Nellie Arnold Plummer (September 7, 1860 to 1933) was a former slave who became the first female student to attend the Normal Department of Wayland Seminary in Washington, D.C. She subsequently worked as a teacher for over forty-five years and published Out of the Depths, or the Triumph of the Cross, a notable biography of her family in 1927. Literary scholar Joanne M. Braxton describes Out of the Depths as a "'crossover' text bearing aspects of folklore, autobiography, and biography."

==Family==
Plummer's father was Adam Francis Plummer (1819–1905). Her mother was Emily Saunders Plummer (c1815-1876). The two were married in 1841. After 1855, the two began a series of correspondence that is collected in Out of the Depths. One of her brothers was Baptist preacher and US Army Buffalo Soldier, Henry Vinton Plummer, Sr. Henry's son, Henry Vinton Plummer, Jr. was a lawyer who would become involved in black nationalism in New York and Virginia.

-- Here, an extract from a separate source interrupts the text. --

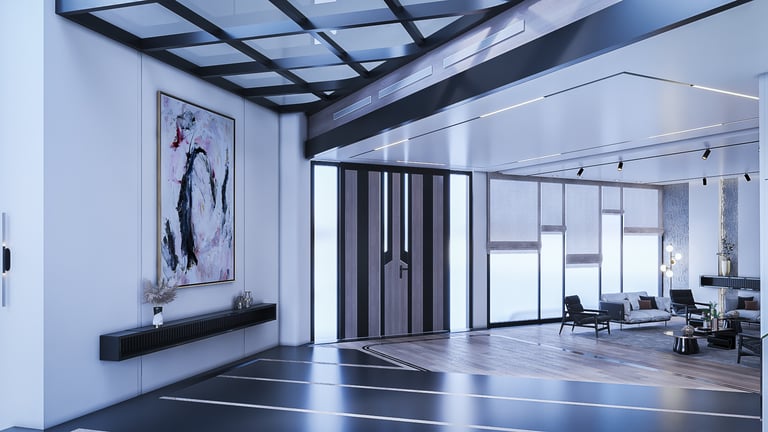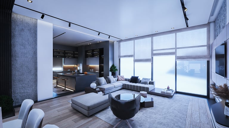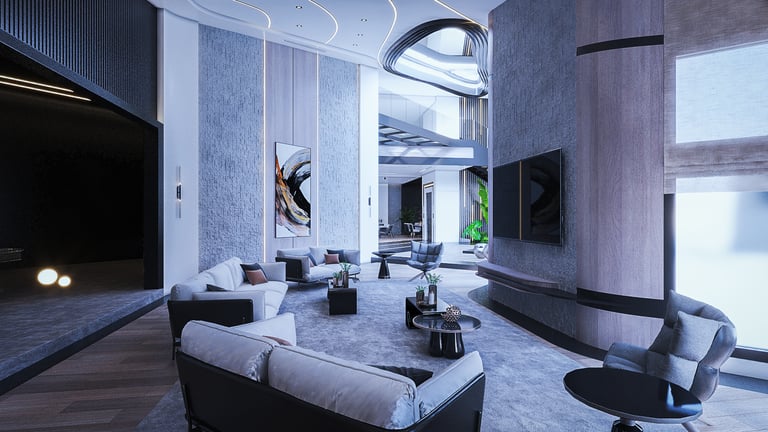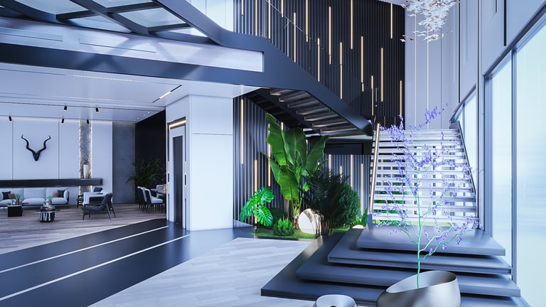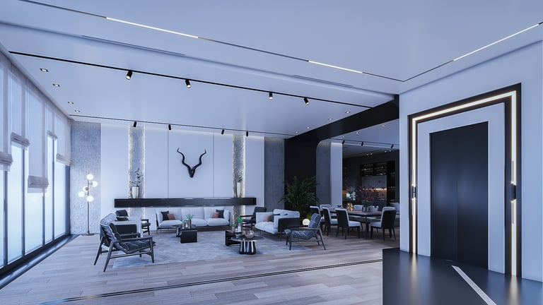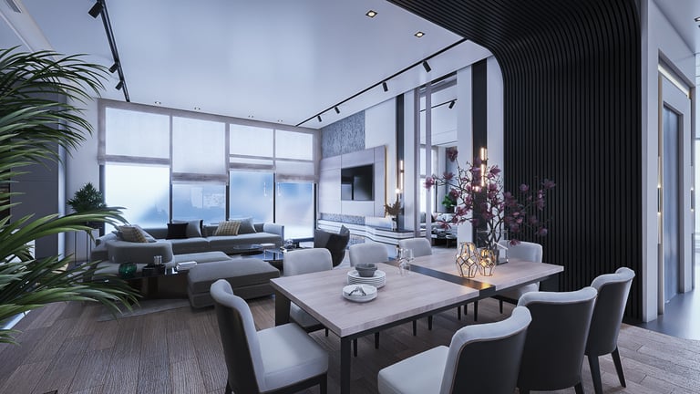 The space for the lobby, the sitting place, and the living space that is in contact with the These spaces were unified and opened together to give the character of vitality and flexibility between the spaces and make the place with the building materials and furnishings used more comfortable and elegant.

==Out of the Depths, or the Triumph of the Cross, 1927==

Plummer mortgaged $1000 worth of her family's land in order to publish Out of the Depths, or the Triumph of the Cross in 1927. The book traces the history of Plummer's family in Prince George’s County, Maryland beginning with her great grandfather Cupid Plummer, who served as a soldier in the American revolution. In 1790, the first US census listed Cupid as free, and in 1797, his wife and children were emancipated. Relationships like these between free and enslaved blacks were not uncommon in the United States. But because the condition of children followed that of the mother, the descendants of many free blacks were enslaved. One of these enslaved descendants of Cupid Plummer was Adam Francis Plummer, Nellie's father. From 1841 to 1905, Adam kept a diary that ended up running to 200 pages. Nellie draws heavily on her father's diary in Out of the Depths. Her publication of this history scandalized family members, who neither wanted to recall nor be reminded of their past. Nevertheless, the book became a treasured possession for families who owned copies and frequently referred to Out of the Depths simply as "The Book."